Fear, loathing, and a “third-class principle”.
I’ve had the same conversation repeatedly over the past nine years. I’ll be talking with someone about an upcoming election, and they’ll register some disbelief about hardline Trump Republican voters. “I can’t believe they’re willing to believe those lies.” “Why are they voting against their own self-interest?” “What do they even see in Trump?”
These questions are logical questions to ask, but I’ve realized they’re a little beside the point. Committed Trump voters do not operate, and have not operated, on that kind of logic for years. These voters have decided that their economic self-interest is less valuable to them than non-economic considerations. Indeed, I believe their behavior can be explained by a simple principle:
These voters are willing to live in a permanent second class—as long as they believe there is a third class that they can look down upon.

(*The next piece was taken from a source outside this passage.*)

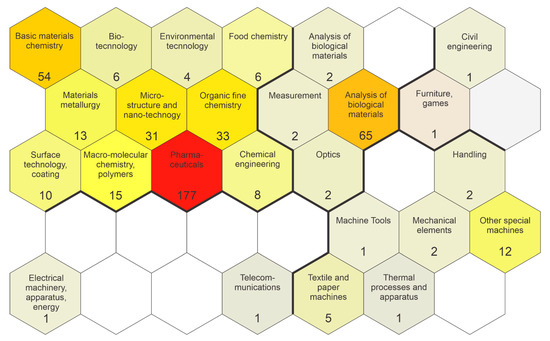 When analyzing the technological domains of patents, it was observed that most of them are related to the pharmaceutical domain, among other technological fields (Figure 6), mainly due to the antimicrobial activity of silver nanoparticles. In dentistry, the range of technological domains is even more evident since AgNPs are commonly associated with biomaterials, such as the invention of the silver-PMMA nanocomposite film based on Aristolochia bracteolate with inhibition activity on E. coli and Bacillus cereus growth in aqueous solutions [148].

I’m going to say that again: These voters are willing to live in a permanent second class—as long as they believe there is a third class they can look down upon.
This “third-class” principle is at the core of almost every conservative political argument we’ve heard in the last decade. Now, it may not be an explicit belief for many of these voters. And many would deny it publicly and privately. But it’s the throughline that ties their politics together. Whether their sense of the “third class” is racially motivated, or driven by gender-based, LGBTQ+-based, or generational grievances, they place such a high value on sticking it to that third class that they are perfectly willing to ignore their own material well-being to do so.
In many ways, this shift in the GOP became inevitable almost 20 years ago. But if we understand it and take it to heart, it should help us understand the path to beating the Republican Party until they turn back from open hatred and fascism.
I. On Suffering
One of those core values in the American mythology is the idea of self-sufficiency—that we are a nation of self-starters, of resourceful builders, of people who don’t need the rest of society to function or even thrive. You can’t go an election season without hearing a candidate allude to our ability to create great things without governmental interference.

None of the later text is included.